**Data segment:**

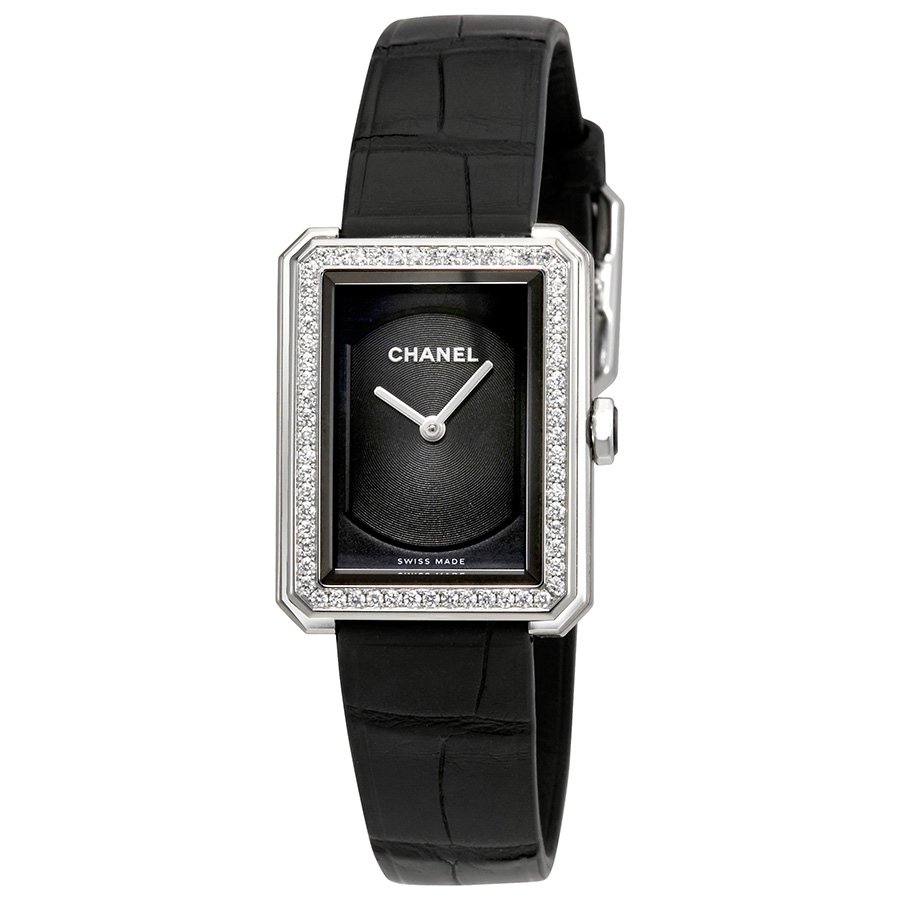 Stainless steel case with a black alligator leather strap. Fixed stainless steel bezel set with diamonds. Black guilloche dial with silver-tone hands. No markers. Dial Type: Analog. Quartz movement. Scratch resistant sapphire crystal. Pull / push crown. Solid case back. Case dimensions: 21.50 mm x 27.90 mm. Case thickness: 6.23 mm. Rectangle case shape. Tang clasp. Water resistant at 30 meters / 100 feet. Functions: hour, minute. Luxury watch style. Watch label: Swiss Made. Chanel Boy-Friend Black Guilloche Dial Ladies Watch H4883.
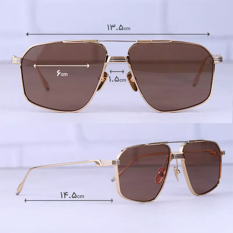 ابعاد عینک آفتابی مردانه ژاک ماری طلایی عدسی قهوه ای JMMJG16J
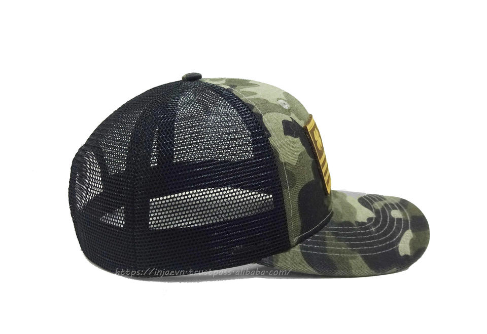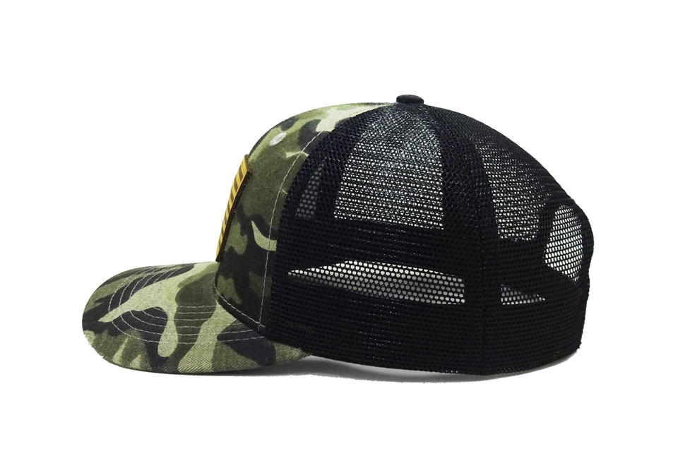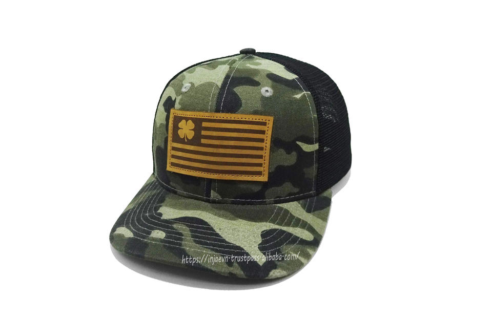 หมวกสแนปแบ็กลายพรางพร้อมแผ่นหนังพิมพ์ลาย6แผงด้านหลังตาข่ายระบายอากาศสไตล์ทรูเกอร์ออกแบบได้ตามต้องการจากโรงงาน

**What to produce:** Omit the pictures and reproduce the remaining material above exactly.

**Solution:**
 Stainless steel case with a black alligator leather strap. Fixed stainless steel bezel set with diamonds. Black guilloche dial with silver-tone hands. No markers. Dial Type: Analog. Quartz movement. Scratch resistant sapphire crystal. Pull / push crown. Solid case back. Case dimensions: 21.50 mm x 27.90 mm. Case thickness: 6.23 mm. Rectangle case shape. Tang clasp. Water resistant at 30 meters / 100 feet. Functions: hour, minute. Luxury watch style. Watch label: Swiss Made. Chanel Boy-Friend Black Guilloche Dial Ladies Watch H4883.
 ابعاد عینک آفتابی مردانه ژاک ماری طلایی عدسی قهوه ای JMMJG16J
 หมวกสแนปแบ็กลายพรางพร้อมแผ่นหนังพิมพ์ลาย6แผงด้านหลังตาข่ายระบายอากาศสไตล์ทรูเกอร์ออกแบบได้ตามต้องการจากโรงงาน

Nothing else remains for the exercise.